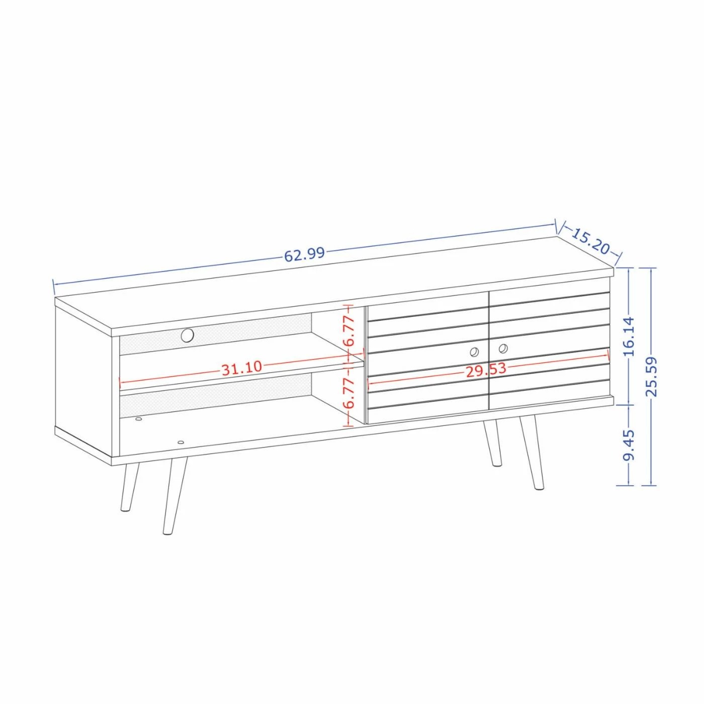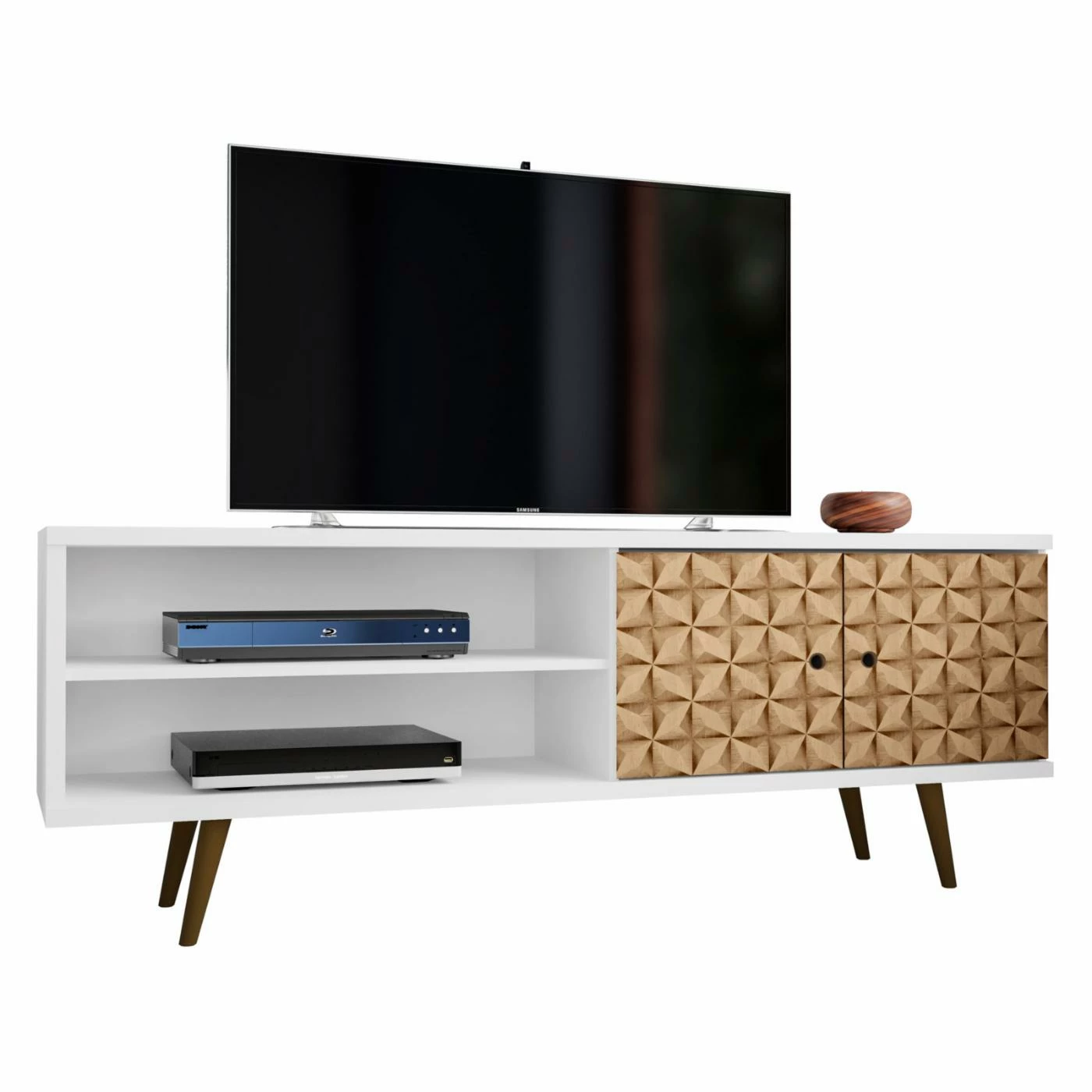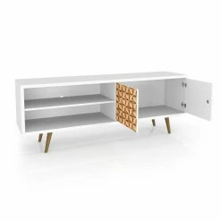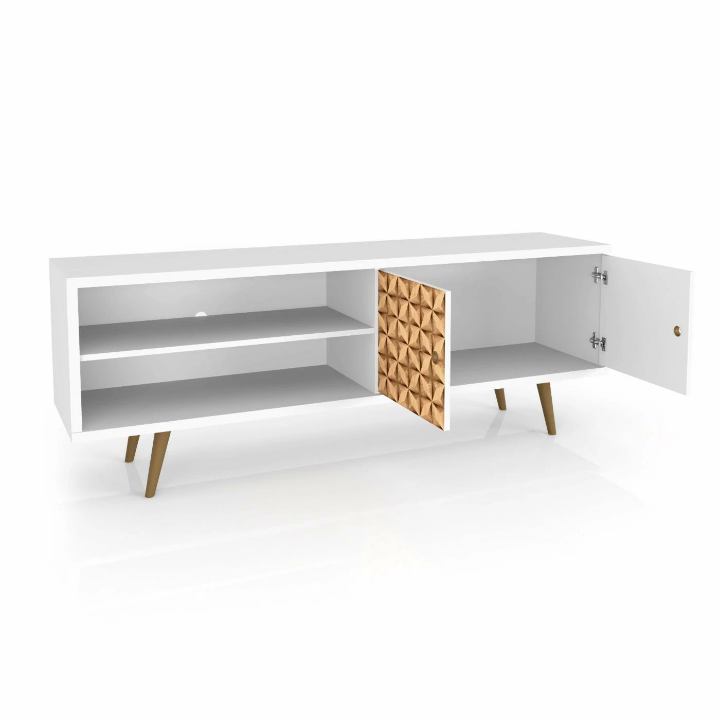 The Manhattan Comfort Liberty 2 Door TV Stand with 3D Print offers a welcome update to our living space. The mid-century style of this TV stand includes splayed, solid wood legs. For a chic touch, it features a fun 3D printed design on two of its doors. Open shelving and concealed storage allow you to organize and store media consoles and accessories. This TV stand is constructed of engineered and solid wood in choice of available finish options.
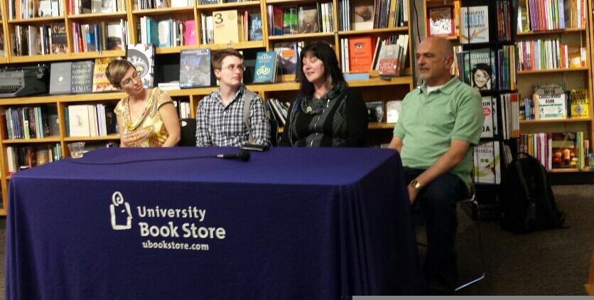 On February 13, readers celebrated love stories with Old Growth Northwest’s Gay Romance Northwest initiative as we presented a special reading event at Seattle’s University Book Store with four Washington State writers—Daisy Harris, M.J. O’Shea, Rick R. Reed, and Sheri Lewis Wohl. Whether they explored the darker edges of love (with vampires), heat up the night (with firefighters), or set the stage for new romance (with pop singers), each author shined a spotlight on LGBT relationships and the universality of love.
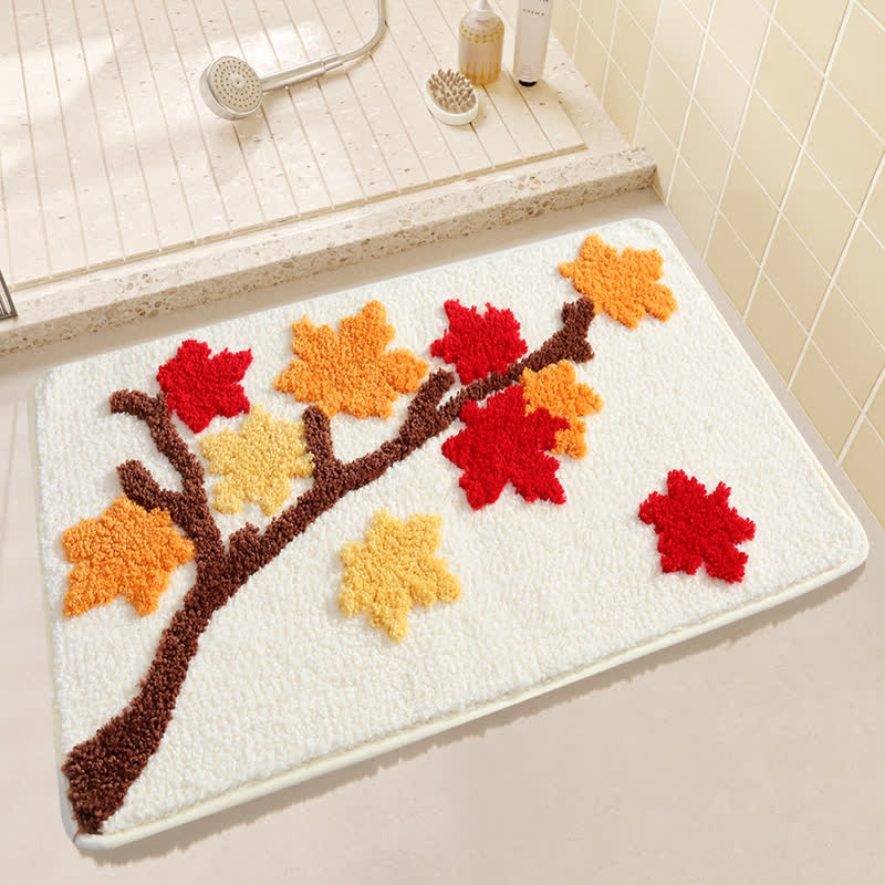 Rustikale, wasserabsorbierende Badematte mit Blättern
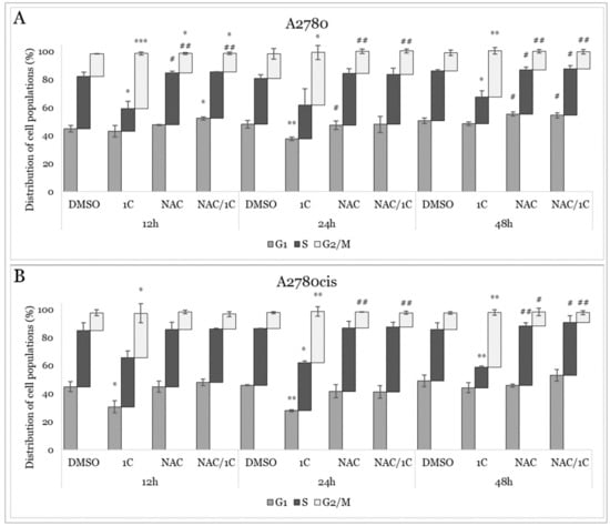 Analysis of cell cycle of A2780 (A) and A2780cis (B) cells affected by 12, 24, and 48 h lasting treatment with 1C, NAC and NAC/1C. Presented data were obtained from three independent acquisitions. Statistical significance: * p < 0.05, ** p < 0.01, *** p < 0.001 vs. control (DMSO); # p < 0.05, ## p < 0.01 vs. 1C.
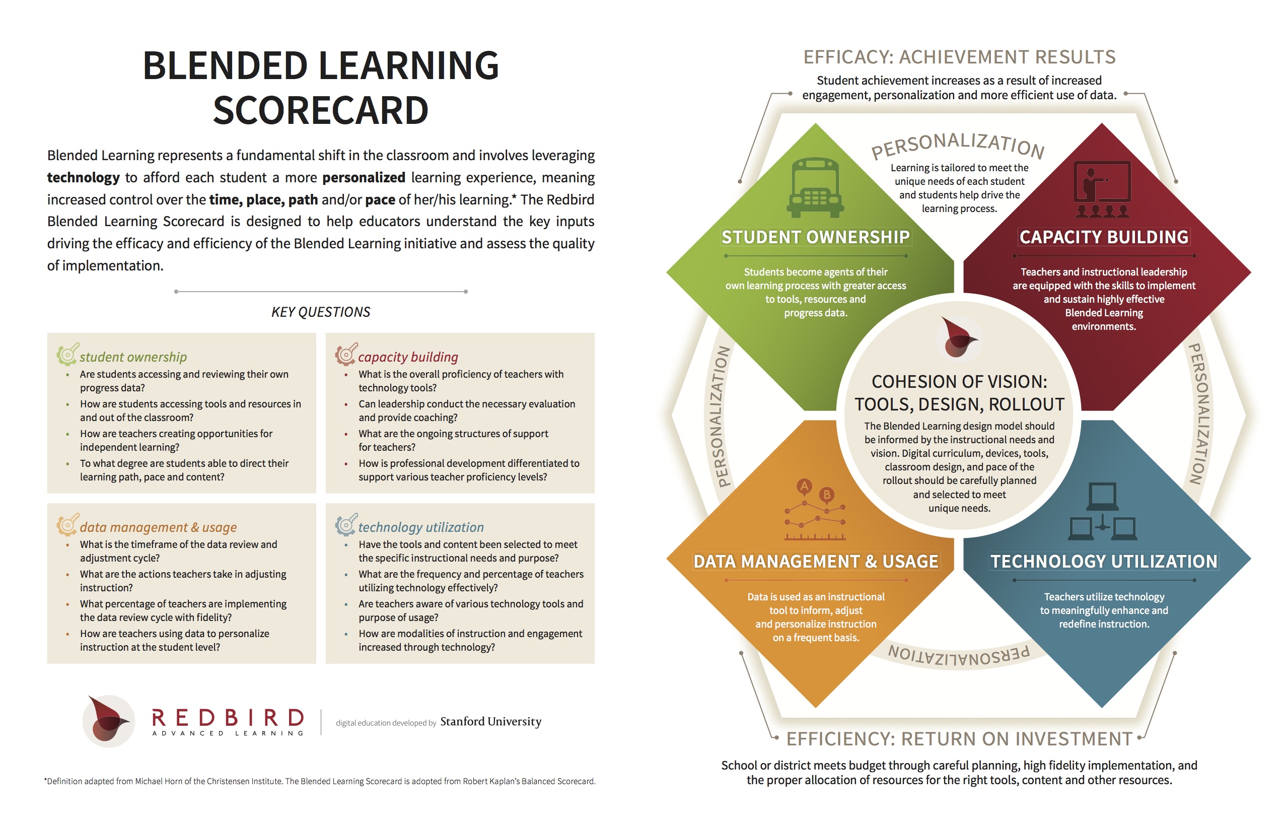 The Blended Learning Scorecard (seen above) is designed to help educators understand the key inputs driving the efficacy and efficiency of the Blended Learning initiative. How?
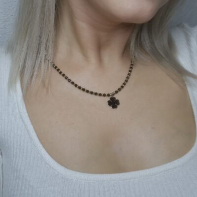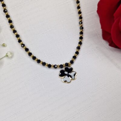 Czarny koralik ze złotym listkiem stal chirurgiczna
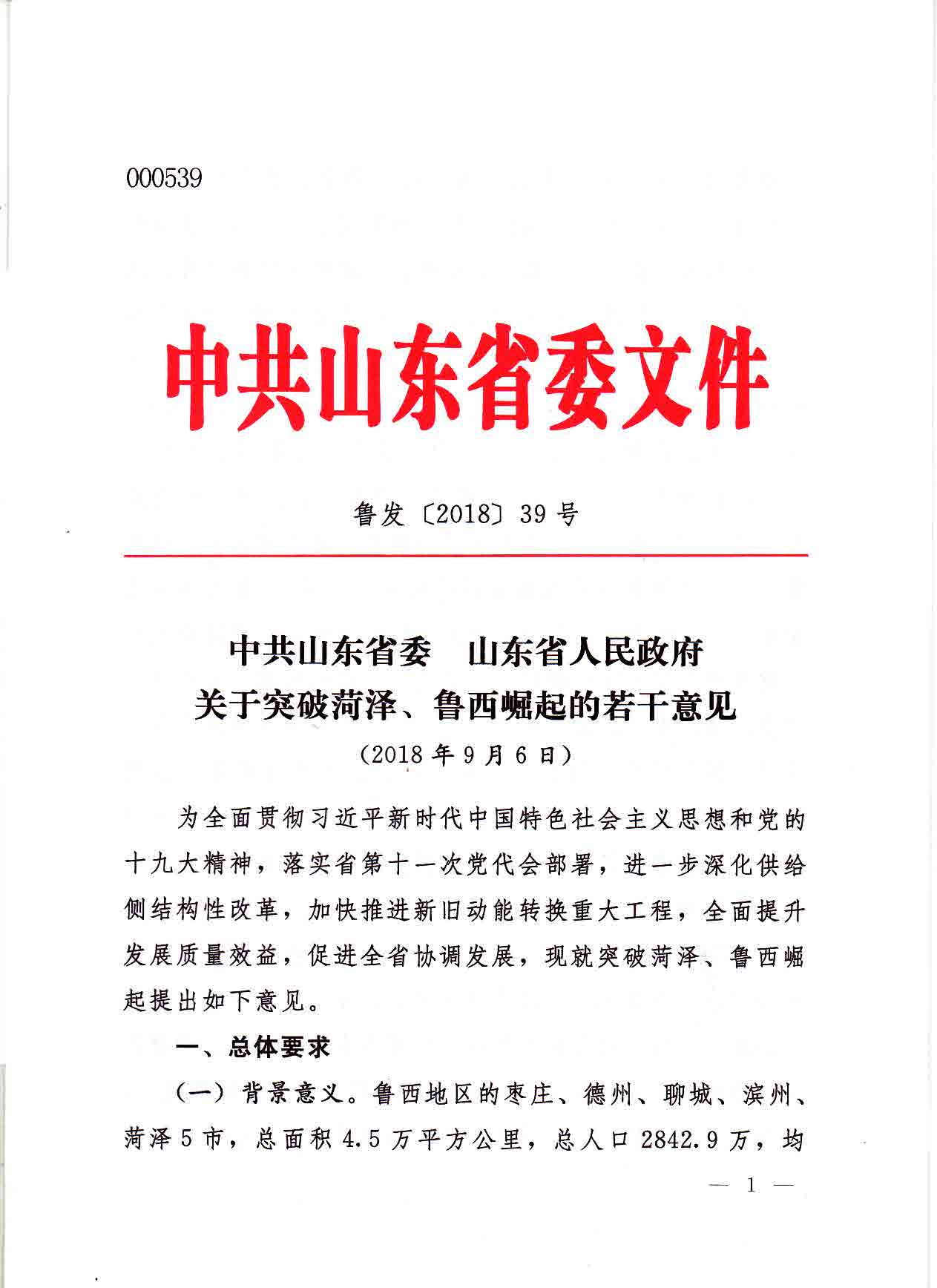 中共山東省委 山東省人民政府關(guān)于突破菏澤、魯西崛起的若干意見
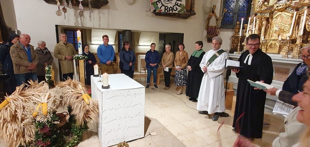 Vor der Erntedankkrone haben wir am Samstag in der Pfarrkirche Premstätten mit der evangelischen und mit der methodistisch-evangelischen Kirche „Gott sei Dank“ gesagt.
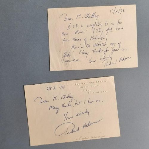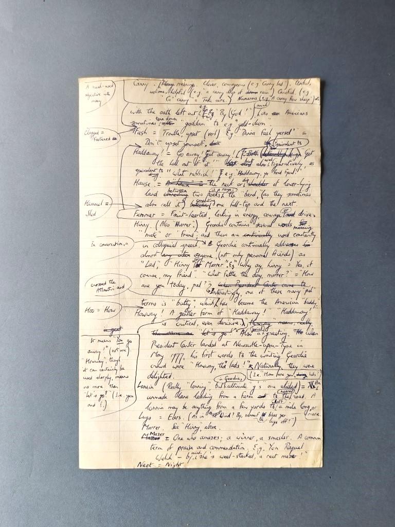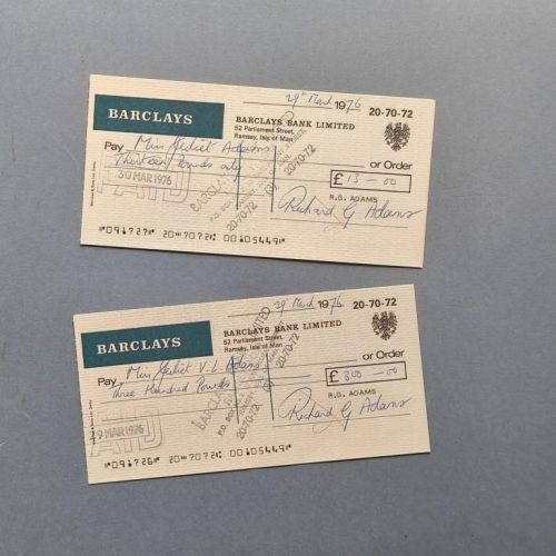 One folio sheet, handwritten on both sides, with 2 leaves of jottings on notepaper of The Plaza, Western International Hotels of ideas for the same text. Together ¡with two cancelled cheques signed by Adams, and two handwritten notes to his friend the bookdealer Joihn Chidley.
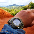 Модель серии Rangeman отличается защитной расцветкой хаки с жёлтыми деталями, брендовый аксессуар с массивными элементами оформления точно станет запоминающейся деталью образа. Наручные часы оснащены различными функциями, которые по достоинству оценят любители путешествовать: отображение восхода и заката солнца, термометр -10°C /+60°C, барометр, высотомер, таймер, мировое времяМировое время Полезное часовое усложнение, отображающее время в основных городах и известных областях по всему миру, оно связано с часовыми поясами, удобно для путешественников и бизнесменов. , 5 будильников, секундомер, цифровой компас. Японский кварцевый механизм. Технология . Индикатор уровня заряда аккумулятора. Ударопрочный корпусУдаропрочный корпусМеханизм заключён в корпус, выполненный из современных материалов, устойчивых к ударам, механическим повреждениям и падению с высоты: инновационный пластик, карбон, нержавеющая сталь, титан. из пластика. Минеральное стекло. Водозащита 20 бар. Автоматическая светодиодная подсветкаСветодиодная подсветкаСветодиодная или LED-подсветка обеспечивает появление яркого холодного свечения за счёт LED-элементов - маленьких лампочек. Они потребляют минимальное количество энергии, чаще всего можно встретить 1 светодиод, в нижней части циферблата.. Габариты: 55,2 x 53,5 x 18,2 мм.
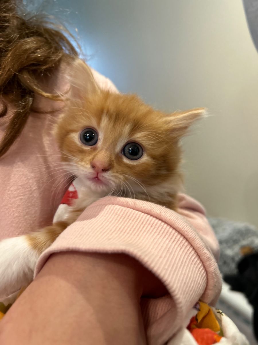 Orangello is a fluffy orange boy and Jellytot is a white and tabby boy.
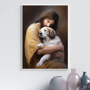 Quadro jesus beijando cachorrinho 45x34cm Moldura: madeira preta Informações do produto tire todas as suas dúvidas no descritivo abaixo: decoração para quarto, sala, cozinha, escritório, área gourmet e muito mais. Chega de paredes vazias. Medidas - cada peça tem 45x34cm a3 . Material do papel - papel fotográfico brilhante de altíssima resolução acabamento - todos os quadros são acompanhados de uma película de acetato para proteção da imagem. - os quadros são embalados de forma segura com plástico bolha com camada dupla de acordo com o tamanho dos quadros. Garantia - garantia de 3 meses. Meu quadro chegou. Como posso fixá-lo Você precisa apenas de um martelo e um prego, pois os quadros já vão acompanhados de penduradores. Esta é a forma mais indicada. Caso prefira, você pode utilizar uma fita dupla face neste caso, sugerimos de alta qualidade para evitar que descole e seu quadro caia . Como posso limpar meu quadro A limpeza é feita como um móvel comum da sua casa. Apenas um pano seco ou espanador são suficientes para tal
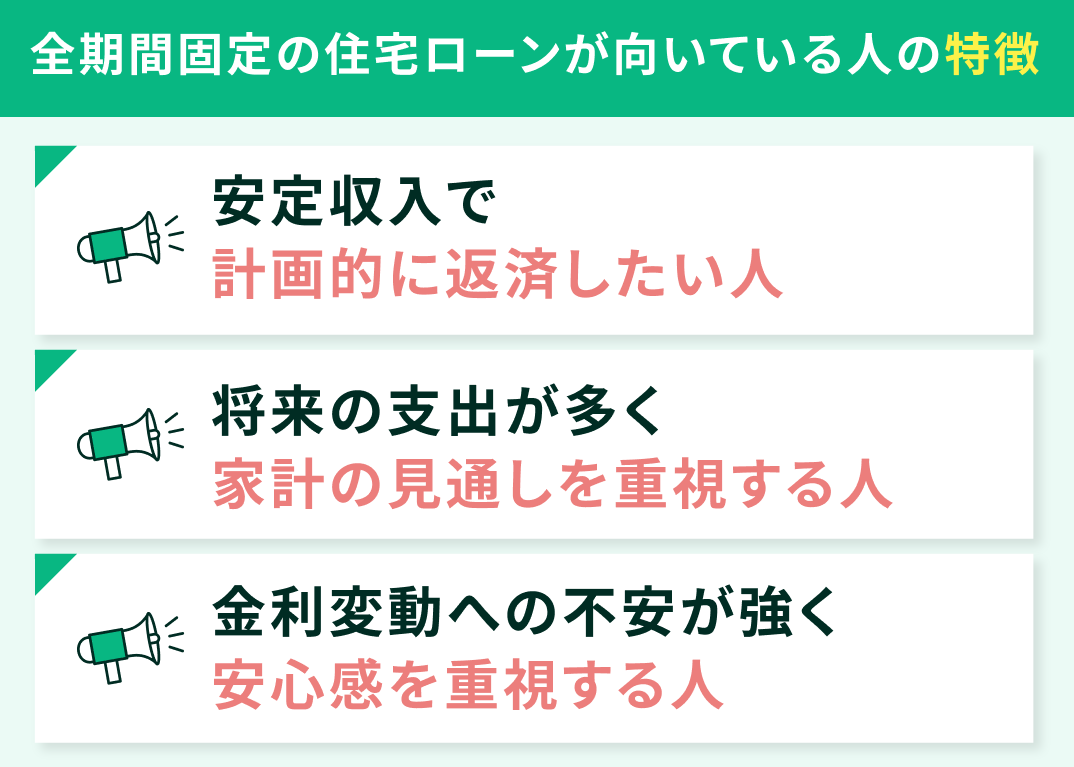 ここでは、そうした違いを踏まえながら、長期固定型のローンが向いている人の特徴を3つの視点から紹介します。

···

◆ Try it
Everything in the entries above should be printed again exactly, apart from the pictures.

◆ Response area
 The Manhattan Comfort Liberty 2 Door TV Stand with 3D Print offers a welcome update to our living space. The mid-century style of this TV stand includes splayed, solid wood legs. For a chic touch, it features a fun 3D printed design on two of its doors. Open shelving and concealed storage allow you to organize and store media consoles and accessories. This TV stand is constructed of engineered and solid wood in choice of available finish options.
 On February 13, readers celebrated love stories with Old Growth Northwest’s Gay Romance Northwest initiative as we presented a special reading event at Seattle’s University Book Store with four Washington State writers—Daisy Harris, M.J. O’Shea, Rick R. Reed, and Sheri Lewis Wohl. Whether they explored the darker edges of love (with vampires), heat up the night (with firefighters), or set the stage for new romance (with pop singers), each author shined a spotlight on LGBT relationships and the universality of love.
 Rustikale, wasserabsorbierende Badematte mit Blättern
 Analysis of cell cycle of A2780 (A) and A2780cis (B) cells affected by 12, 24, and 48 h lasting treatment with 1C, NAC and NAC/1C. Presented data were obtained from three independent acquisitions. Statistical significance: * p < 0.05, ** p < 0.01, *** p < 0.001 vs. control (DMSO); # p < 0.05, ## p < 0.01 vs. 1C.
 The Blended Learning Scorecard (seen above) is designed to help educators understand the key inputs driving the efficacy and efficiency of the Blended Learning initiative. How?
 Czarny koralik ze złotym listkiem stal chirurgiczna
 中共山東省委 山東省人民政府關(guān)于突破菏澤、魯西崛起的若干意見
 Vor der Erntedankkrone haben wir am Samstag in der Pfarrkirche Premstätten mit der evangelischen und mit der methodistisch-evangelischen Kirche „Gott sei Dank“ gesagt.
 One folio sheet, handwritten on both sides, with 2 leaves of jottings on notepaper of The Plaza, Western International Hotels of ideas for the same text. Together ¡with two cancelled cheques signed by Adams, and two handwritten notes to his friend the bookdealer Joihn Chidley.
 Модель серии Rangeman отличается защитной расцветкой хаки с жёлтыми деталями, брендовый аксессуар с массивными элементами оформления точно станет запоминающейся деталью образа. Наручные часы оснащены различными функциями, которые по достоинству оценят любители путешествовать: отображение восхода и заката солнца, термометр -10°C /+60°C, барометр, высотомер, таймер, мировое времяМировое время Полезное часовое усложнение, отображающее время в основных городах и известных областях по всему миру, оно связано с часовыми поясами, удобно для путешественников и бизнесменов. , 5 будильников, секундомер, цифровой компас. Японский кварцевый механизм. Технология . Индикатор уровня заряда аккумулятора. Ударопрочный корпусУдаропрочный корпусМеханизм заключён в корпус, выполненный из современных материалов, устойчивых к ударам, механическим повреждениям и падению с высоты: инновационный пластик, карбон, нержавеющая сталь, титан. из пластика. Минеральное стекло. Водозащита 20 бар. Автоматическая светодиодная подсветкаСветодиодная подсветкаСветодиодная или LED-подсветка обеспечивает появление яркого холодного свечения за счёт LED-элементов - маленьких лампочек. Они потребляют минимальное количество энергии, чаще всего можно встретить 1 светодиод, в нижней части циферблата.. Габариты: 55,2 x 53,5 x 18,2 мм.
 Orangello is a fluffy orange boy and Jellytot is a white and tabby boy.
 Quadro jesus beijando cachorrinho 45x34cm Moldura: madeira preta Informações do produto tire todas as suas dúvidas no descritivo abaixo: decoração para quarto, sala, cozinha, escritório, área gourmet e muito mais. Chega de paredes vazias. Medidas - cada peça tem 45x34cm a3 . Material do papel - papel fotográfico brilhante de altíssima resolução acabamento - todos os quadros são acompanhados de uma película de acetato para proteção da imagem. - os quadros são embalados de forma segura com plástico bolha com camada dupla de acordo com o tamanho dos quadros. Garantia - garantia de 3 meses. Meu quadro chegou. Como posso fixá-lo Você precisa apenas de um martelo e um prego, pois os quadros já vão acompanhados de penduradores. Esta é a forma mais indicada. Caso prefira, você pode utilizar uma fita dupla face neste caso, sugerimos de alta qualidade para evitar que descole e seu quadro caia . Como posso limpar meu quadro A limpeza é feita como um móvel comum da sua casa. Apenas um pano seco ou espanador são suficientes para tal
 ここでは、そうした違いを踏まえながら、長期固定型のローンが向いている人の特徴を3つの視点から紹介します。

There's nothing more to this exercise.